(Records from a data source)

= = = = = = =

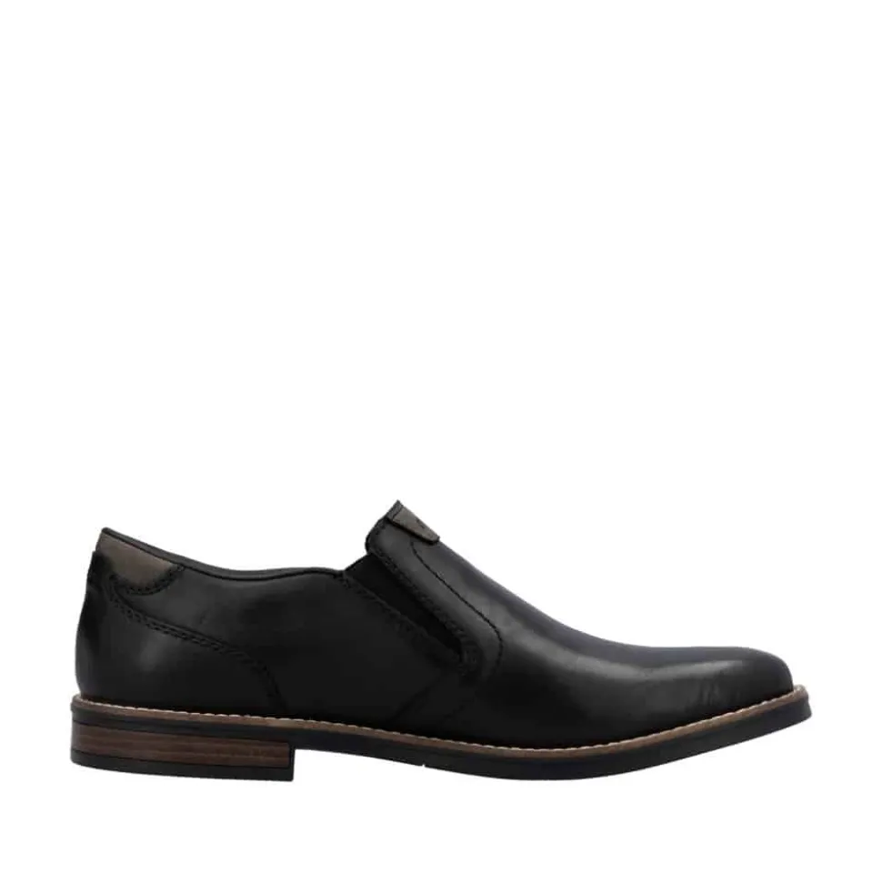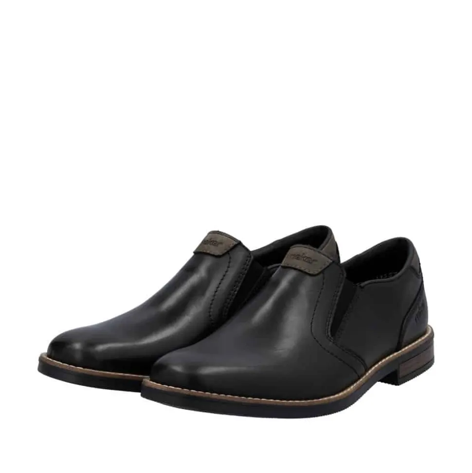 Rieker hyttesko til herre i sort. Denne stilfulde herresko fra Rieker er det ideelle valg til både hverdagsbrug og festlige anledninger. Overdelen i ægte læder giver skoen et eksklusivt look, mens den bløde læderindersål sikrer en komfortabel oplevelse hele dagen. De elastiske paneler i siderne gør det hurtigt og nemt at tage skoene af og på, samtidig med at de giver en fleksibel og tilpasset pasform. Den robuste ydersål i syntetisk materiale sikrer holdbarhed og et godt fodfæste. En klassisk og alsidig sko, der kombinerer elegance og funktionalitet perfekt.
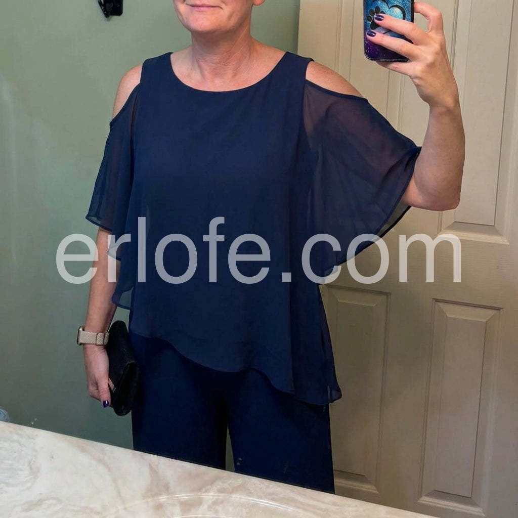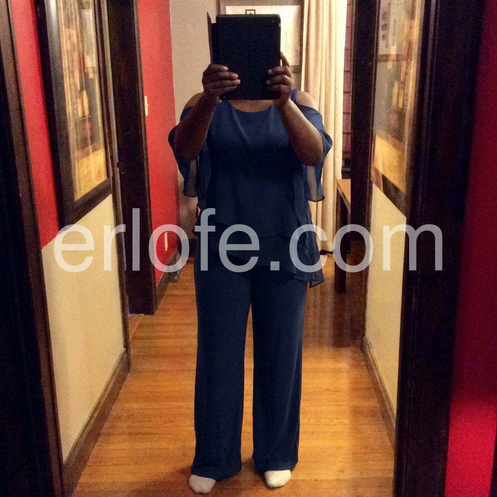 Yes!It runs true to the garment size chart please choose your size based on your measurements.This fashionable two-piece set includes a navy cold shoulder three-quarter length draped sleeves and asymmetrically layered ruffled top and pants. Crafted from lightweight and soft materials, this set is perfect for any occasion. Step up your look with this stylish set.
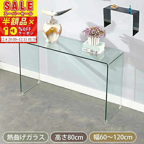 [半額品]★更に【10%OFFクーポン配布】コンソールテーブル ガラス 玄関テーブル おしゃれ ディスプレイテーブル ガラステーブル スリム 韓国風 サイドテーブル 60cm カウンターテーブル 80cm ドレッサー 100cm 120cm 飾り台 シンプル 透明 ブラック 玄関収納
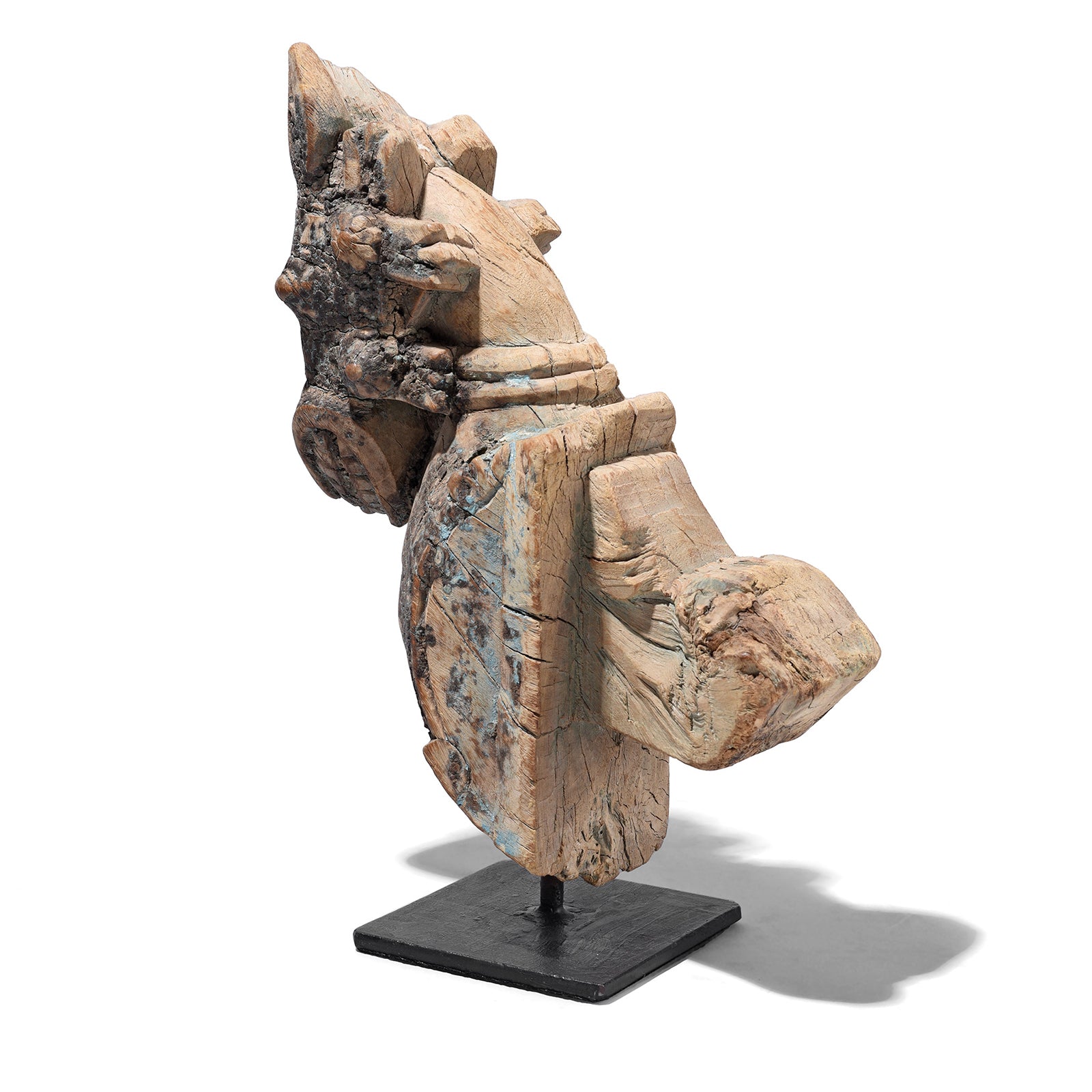 This magnificent horse head started out as a corbel from a grand doorway in India, where the horse is a symbol of prosperity. Crafted in the 19th century from solid teak wood it is beautifully carved from a single piece of wood, it has been mounted on a simple iron stand to produce a wonderful sculpture.
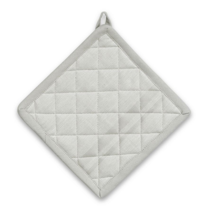 Vytáhnout rozpálený pekáč z trouby holýma rukama zvládne málokdo, kuchyňská chňapka proto nesmí chybět v žádné domácnosti. Model chňapky TIA čtvercového tvaru je dostatečně velký pro bezpečnou manipulaci s rozpáleným nádobím jakéhokoliv druhu. Horké pečící plechy, pekáče i kastroly přemisťujte vždy s bavlněnou chňapkou. Stejně dobře poslouží čtvercová chňapka jako podložka pod horké nádobí na kuchyňské lince i na stole. V sérii kuchyňského textilu TIA lze doplnit a vzájemně kombinovat utěrky na nádobí, kuchyňské ručníky i zástěry a to v několika různých pastelových barvách. - materiál: 100% bavlna- kvalita a měkkost: 190 gsm- poutko na zavěšení kdekoli v kuchyni- rozměr: 20 x 20 cm- barva: šedá- značka: KELA
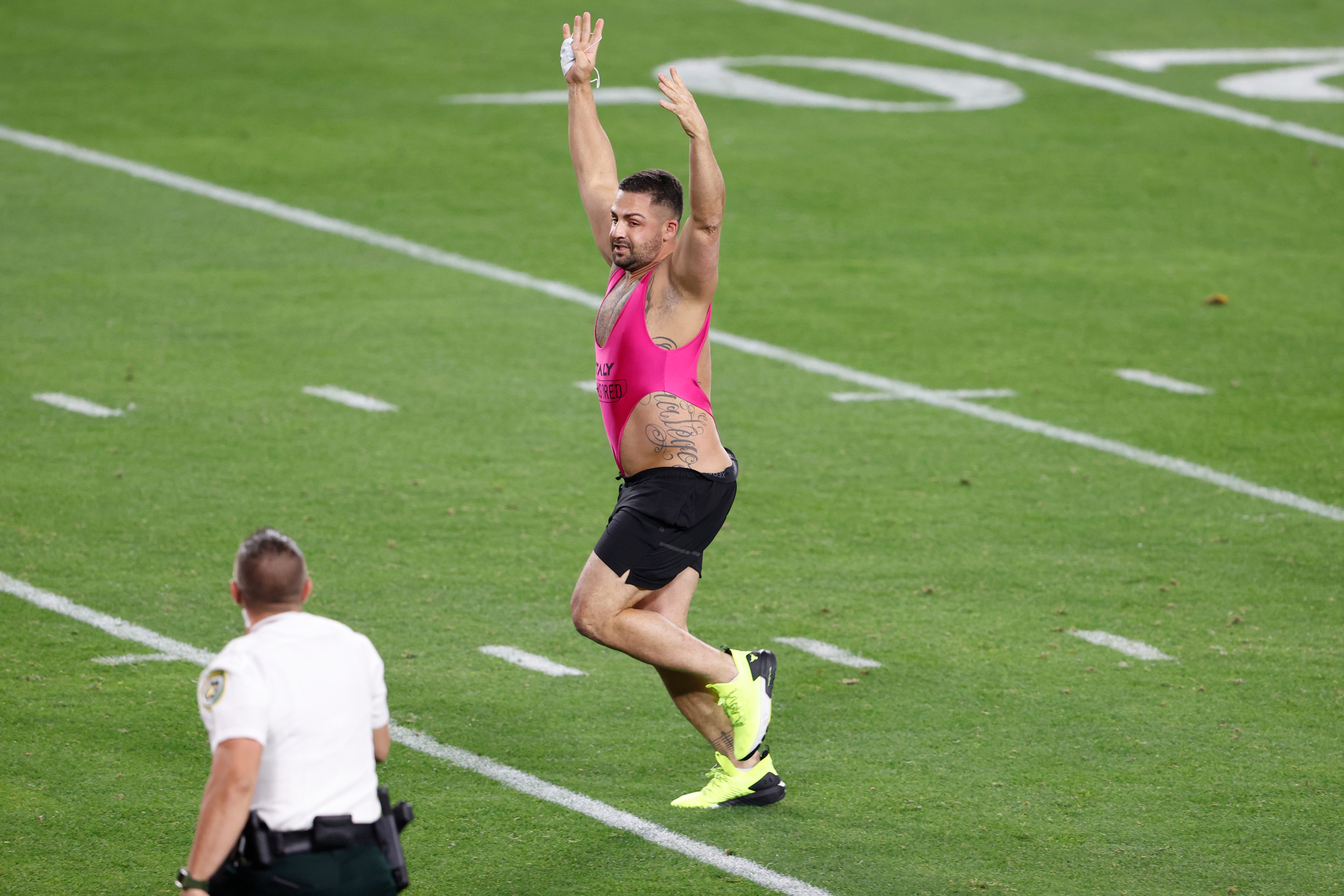 WATCH: Super Bowl LV Streaker in Pink Thong Runs the Field | Heavy.com
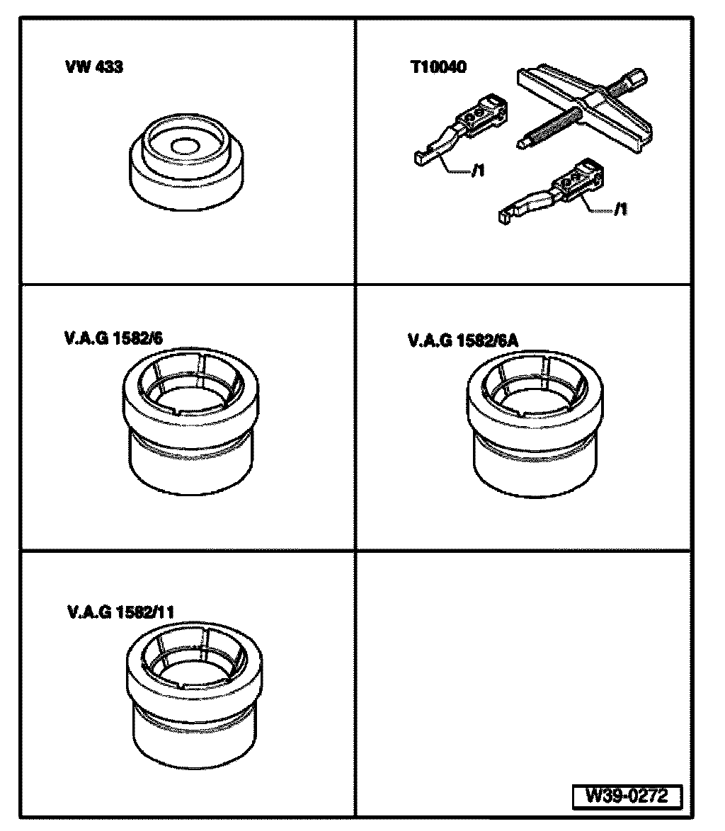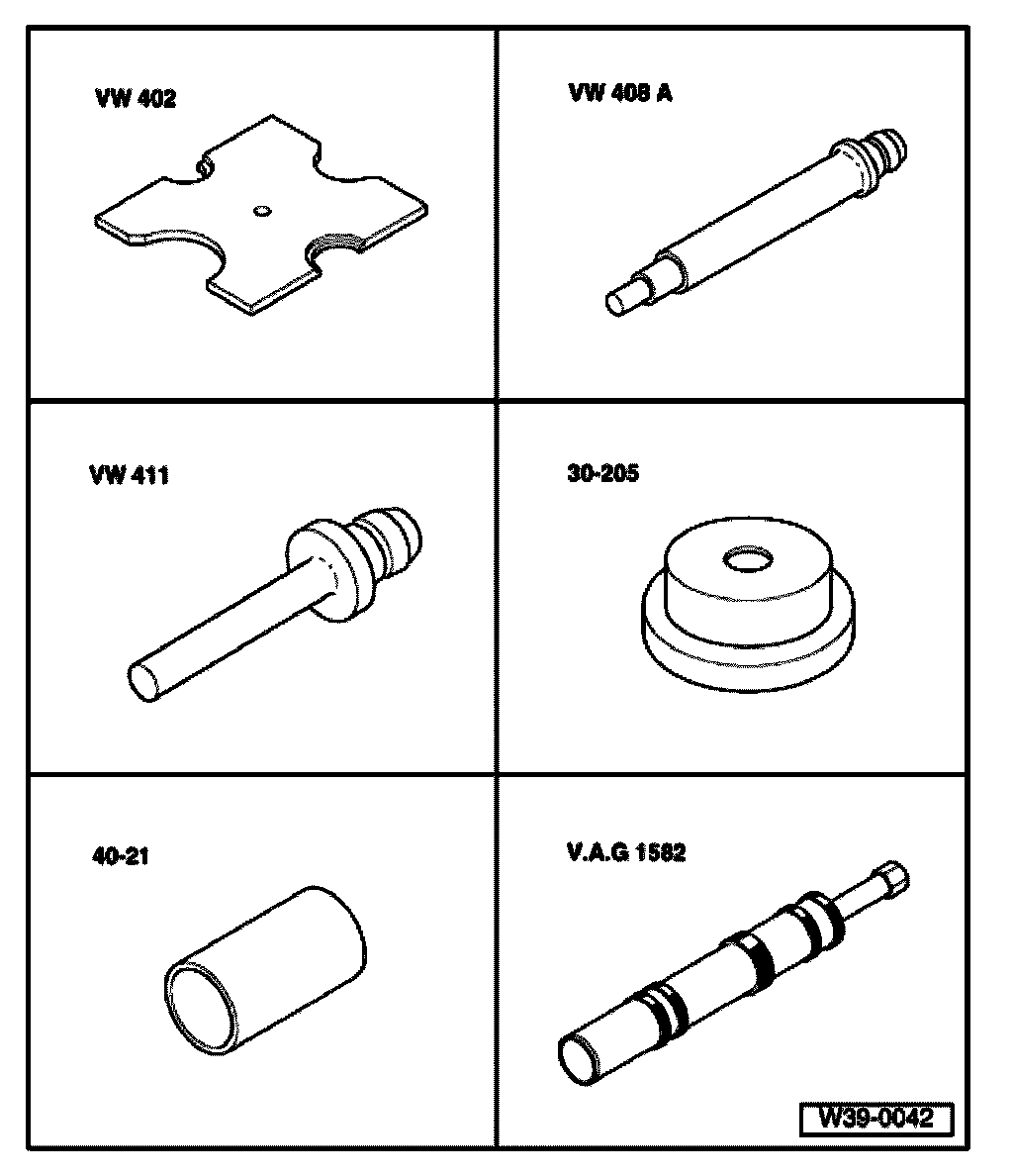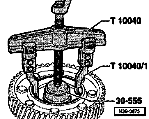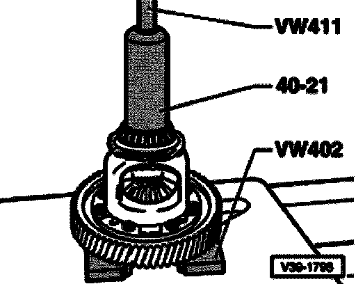 Note: For transmissions produced from 04.98, the tool for removing the tapered roller bearings in the final drive and differential is VAG 158218
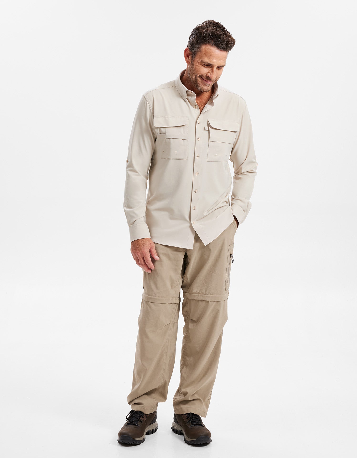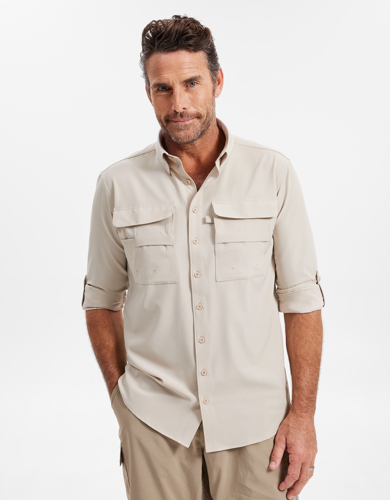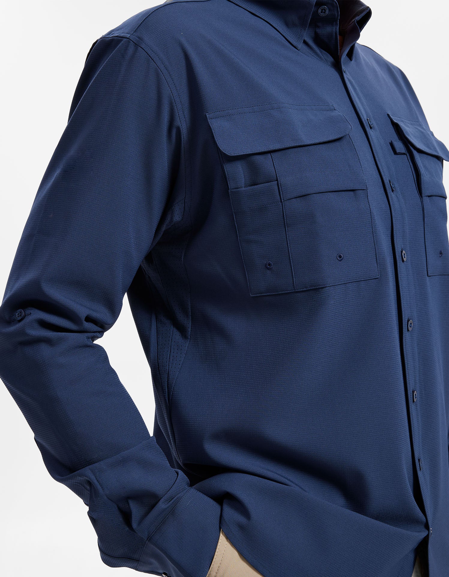 Our UPF 50+ Dry Lite Fabric is eco-conscious, made from recycled, breathable, lightweight, and quick-drying material. Its 4-way stretch and soft feel ensure all-day comfort for outdoor activities.
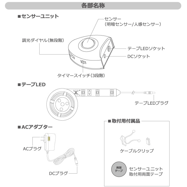 | 付属品 | テープLED・センサーユニット・ACアダプター・ケーブルクリップ・両面テープ |
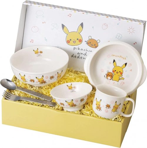 セットには、茶碗、マグ、ラーメン丼、使いやすいお皿、ステンレススプーン、ステンレスフォークの6つのアイテムが含まれています。ピカチュウとデデンネの可愛らしいイラストが描かれており、食事の時間を楽しく演出します。

= = = = = = =

#### [TASK DIRECTIONS]
What is needed is an exact repetition of every entry, without the pictures.

#### [OUTPUT FOR THIS TASK]
 Rieker hyttesko til herre i sort. Denne stilfulde herresko fra Rieker er det ideelle valg til både hverdagsbrug og festlige anledninger. Overdelen i ægte læder giver skoen et eksklusivt look, mens den bløde læderindersål sikrer en komfortabel oplevelse hele dagen. De elastiske paneler i siderne gør det hurtigt og nemt at tage skoene af og på, samtidig med at de giver en fleksibel og tilpasset pasform. Den robuste ydersål i syntetisk materiale sikrer holdbarhed og et godt fodfæste. En klassisk og alsidig sko, der kombinerer elegance og funktionalitet perfekt.
 Yes!It runs true to the garment size chart please choose your size based on your measurements.This fashionable two-piece set includes a navy cold shoulder three-quarter length draped sleeves and asymmetrically layered ruffled top and pants. Crafted from lightweight and soft materials, this set is perfect for any occasion. Step up your look with this stylish set.
 [半額品]★更に【10%OFFクーポン配布】コンソールテーブル ガラス 玄関テーブル おしゃれ ディスプレイテーブル ガラステーブル スリム 韓国風 サイドテーブル 60cm カウンターテーブル 80cm ドレッサー 100cm 120cm 飾り台 シンプル 透明 ブラック 玄関収納
 This magnificent horse head started out as a corbel from a grand doorway in India, where the horse is a symbol of prosperity. Crafted in the 19th century from solid teak wood it is beautifully carved from a single piece of wood, it has been mounted on a simple iron stand to produce a wonderful sculpture.
 Vytáhnout rozpálený pekáč z trouby holýma rukama zvládne málokdo, kuchyňská chňapka proto nesmí chybět v žádné domácnosti. Model chňapky TIA čtvercového tvaru je dostatečně velký pro bezpečnou manipulaci s rozpáleným nádobím jakéhokoliv druhu. Horké pečící plechy, pekáče i kastroly přemisťujte vždy s bavlněnou chňapkou. Stejně dobře poslouží čtvercová chňapka jako podložka pod horké nádobí na kuchyňské lince i na stole. V sérii kuchyňského textilu TIA lze doplnit a vzájemně kombinovat utěrky na nádobí, kuchyňské ručníky i zástěry a to v několika různých pastelových barvách. - materiál: 100% bavlna- kvalita a měkkost: 190 gsm- poutko na zavěšení kdekoli v kuchyni- rozměr: 20 x 20 cm- barva: šedá- značka: KELA
 WATCH: Super Bowl LV Streaker in Pink Thong Runs the Field | Heavy.com
 Note: For transmissions produced from 04.98, the tool for removing the tapered roller bearings in the final drive and differential is VAG 158218
 Our UPF 50+ Dry Lite Fabric is eco-conscious, made from recycled, breathable, lightweight, and quick-drying material. Its 4-way stretch and soft feel ensure all-day comfort for outdoor activities.
 | 付属品 | テープLED・センサーユニット・ACアダプター・ケーブルクリップ・両面テープ |
 セットには、茶碗、マグ、ラーメン丼、使いやすいお皿、ステンレススプーン、ステンレスフォークの6つのアイテムが含まれています。ピカチュウとデデンネの可愛らしいイラストが描かれており、食事の時間を楽しく演出します。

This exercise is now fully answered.